Make sure you do not invest a detox with more powers than it really has. The detox will not change your life nor will it make you lose weight overnight. What it will do, however, is give you a spring in your step, and set you off on the road to trimming off a pound or two! When you start a detox you may experience headaches, if you are a caffeine lover these headaches will usually be down to caffeine withdrawal. You may also experience a furry tongue; this is because your digestive system throws off toxic compounds.

Finally you should not feel hungry whilst on the detox; you should feel digestively ‘lighter ‘and if you are following a sensible plan you should never feel unwell.

Over the course of the detox your urine may change color but if you make sure you are drinking at least 2 litres of water a day then it should be pale straw color  You may find you have changes in your bowel movements for the better.
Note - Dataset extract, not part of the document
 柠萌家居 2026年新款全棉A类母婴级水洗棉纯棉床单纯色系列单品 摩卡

You should never attempt a radical detox if you are diabetic, pregnant, have an eating disorder or have a diagnosed medical condition. The following weekend detox plan is really just a healthy eating regime focusing on light, fresh foods.
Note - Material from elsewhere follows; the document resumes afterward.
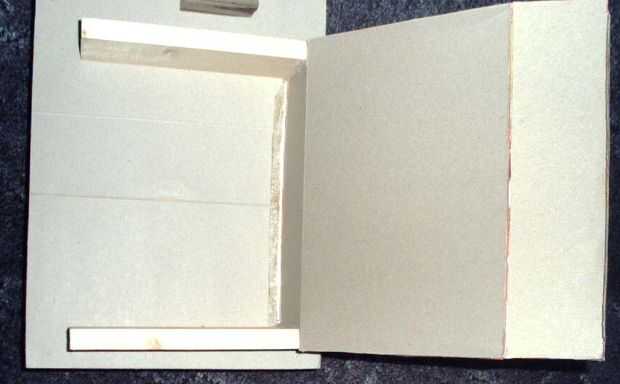 Ahora toma la cartulina pegan y utiliza como los muros largos y parte superior de la caja. Pegamento de un lado a los extremos de las dos piezas de madera y a la base principal. El otro lado debe ser ajuste por lo que puede doblar para hacer el otro lado de la pared de caja larga. NO PEGAR ESTE LADO.

Start your weekend on Friday evening after work and plan to take it easy over the weekend. Take a reasonably brisk half hour walk each day rather than an intense workout in the gym. Eat as much as you want to satisfy your hunger but only from the recommended foods. Make sure you also get eight hours sleep each night, and take the time to pamper yourself or learn a new technique such as meditation.
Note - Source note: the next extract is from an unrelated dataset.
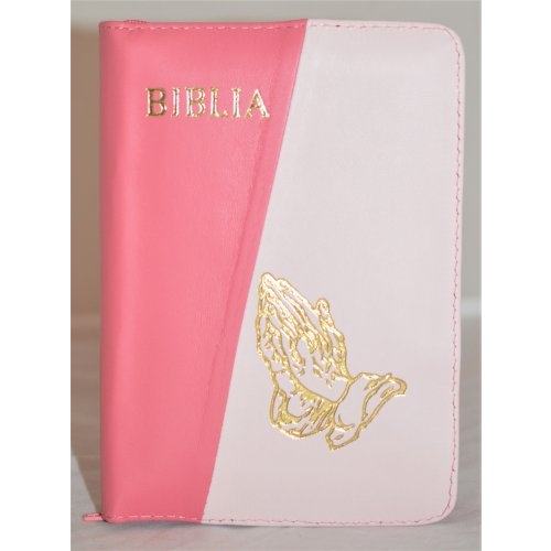 Biblie din piele, mica, roz / roz deschis, fermoar, margini albe, simbolul maini in ruga, cuv. lui Isus in rosu [043 PF]

This weekend you will be eating lots of fresh fruit and vegetables, getting your proteins from pulses, beans, nuts, seeds and fresh fish, enjoying wheat-free grains and live yogurts By doing this you won’t really miss the caffeine, alcohol, red meat, gluten grains and high-fat dairy products. Some of the food mentioned, such as roast barley coffee substitute or nut butters, can be found in good health food shops rather than supermarkets.

Friday evening

Snack-

Fruit and 10-15 unsalted almonds/walnuts

Main meal-

A glass of water before your meal

Fresh vegetable soup low in salt Steamed or grilled fish, flavoured with ginger, garlic and fresh coriander, and lots of steamed vegetables dressed with two teaspoons of sesame oil Herb tea such as mint or camomile

Before bed-

Live plain yoghurt, a teaspoon of honey and a banana

Saturday-

Cup of hot water and lemon on rising

Breakfast-

A generous bowl of unsweetened organic rice puff cereal, served with rice or soya milk and fresh strawberries

A small glass of freshly squeezed orange juice

A cup of coffee substitute such as Bambu made with soya milk

Snack-

A generous handful of dried blueberries (or other dried fruit) and an oatcake

Lunch-

A glass of water before your meal

A main meal salad consisting of varied green leaves, dressed with lemon and balsamic vinegar, grilled asparagus, grapes, cherry tomatoes, flakes of fresh grilled tuna or tined tuna in spring water if fresh is not available, topped with a sprinkle of pumpkin seeds

Snack-

A couple of Rye crackers spread with nut butter or 100% fruit jam

An apple

Evening meal-

A glass of water before your meal

Lentil soup with lemon Falafel and roasted Mediterranean vegetables, red onion, tomatoes, aubergine, red and yellow peppers, sprinkled with olives and baked for half an hour in a little olive oil.

Herb tea

Before bed-

Apricot and plain live yoghurt puree

Sunday-

Cup of hot water and lemon rising

Breakfast-

Bowl of porridge made with soya or rice milk.  Serve with a sliced banana and a tablespoon of pine nuts

A cup of coffee substitute made with soya milk.

Snack-

Watermelon and apple juice Place a generous amount of water melon flesh, including the seeds which are mineral-rich, in a blender on high speed, and add high quality cloudy apple juice or pass an apple through the juicer.

Lunch-

A glass of water before your meal Chicken breast fillet with no skin and pan-fried in one teaspoon of olive oil with lots of garlic and mixed herbs, serve with minted salad Herb tea Snack- Vegetable sticks with hummus

Evening meal-

Tomato and spring onion salad dress with lemon Corn pasta with pesto, green salad Herbal tea

Before bed-

Rice crackers with avocado slices

 

What next? It’s back to work on Monday and you should feel refreshed and revitalised. Before sinking back into old habits see what positive benefits you can take forward with you into the week. After all, the point of this detox is to act as a springboard to healthy eating.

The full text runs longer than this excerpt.